Problem Solving

[GMAT math practice question]

How many 4-digit positive integers have the form abcd, where b is even and d >= 2b?

A. 900
B. 1200
C. 1620
D. 2400
E. 2700

Hello Max@Math Revolution.

I would like to try to solve this PS question.

4-digit integers have the form abcd, where b is even and d >= 2b

- The number of options that digit "a" has is 9 (any number from 1 to 9).
- The number of options that digit "c" has is 10 (any number from 0 to 9).
- The number of options that digits "b" and "d" depends on each case.

I will start by fixing a number for "b":

* This implies that "d" can be any number from 0 to 9 (10 options).

Hence, there number of 4 digit numbers, in this case, is equal to $$b_0=9\cdot10\cdot10\cdot1\ =900.$$

* This implies that "d" can be any number from 2 to 9 (8 options).

Hence, there number of 4 digit numbers, in this case, is equal to $$b_1=9\cdot8\cdot10\cdot1\ =720.$$

* This implies that "d" can be any number from 4 to 9 (6 options).
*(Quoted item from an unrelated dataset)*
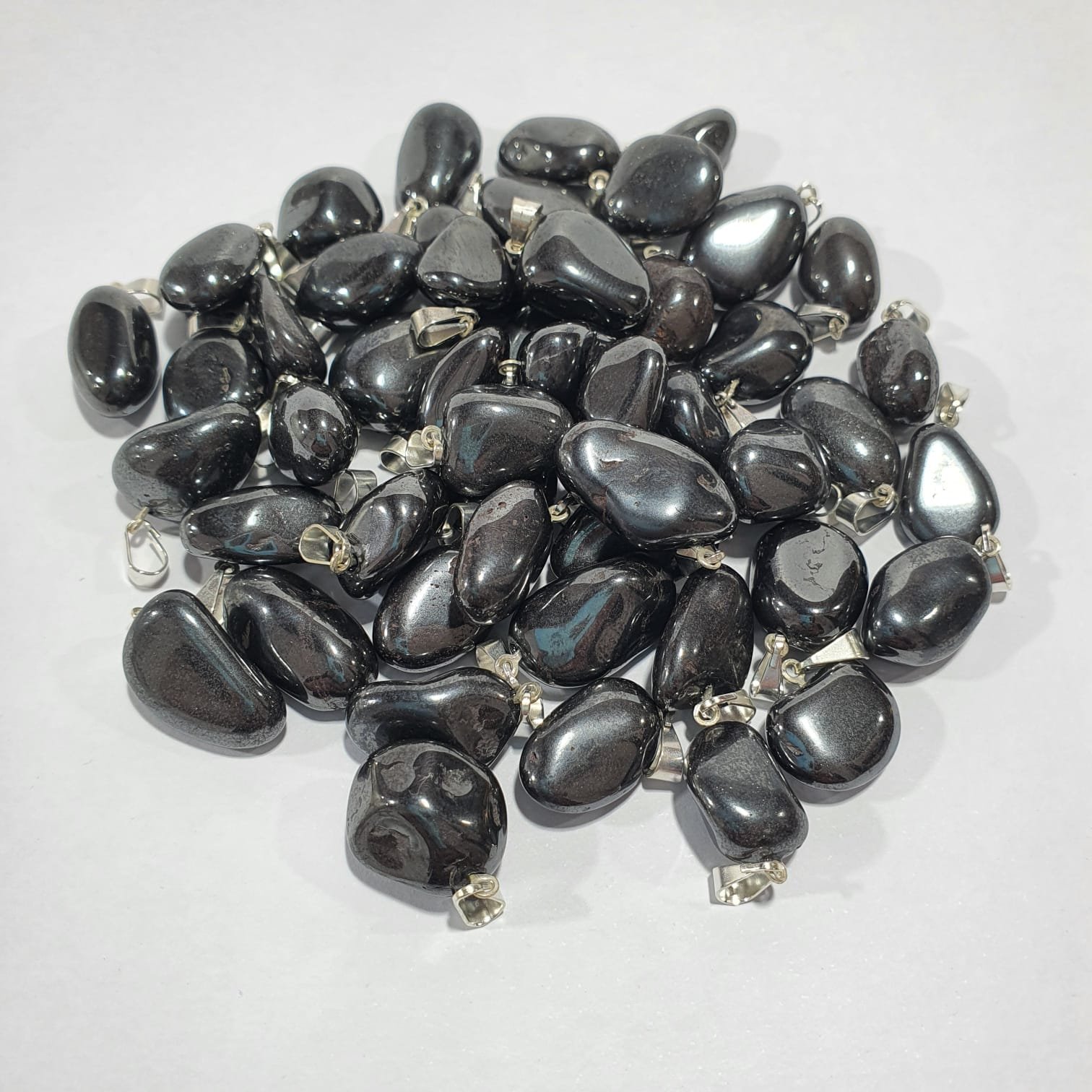 Tumbled Obsidian pendants with a polished, smooth finish that enhances their natural deep black sheen. Each piece is unique in color and shape, offering a refined and timeless look. Sold in wholesale packs of 25 units, perfect for jewelry, decoration, and resale.

Hence, there number of 4 digit numbers, in this case, is equal to $$b_2=9\cdot6\cdot10\cdot1\ =540.$$

* This implies that "d" can be any number from 6 to 9 (4 options).

Hence, there number of 4 digit numbers, in this case, is equal to $$b_3=9\cdot4\cdot10\cdot1\ =360.$$

* This implies that "d" can be any number from 8 to 9 (2 options).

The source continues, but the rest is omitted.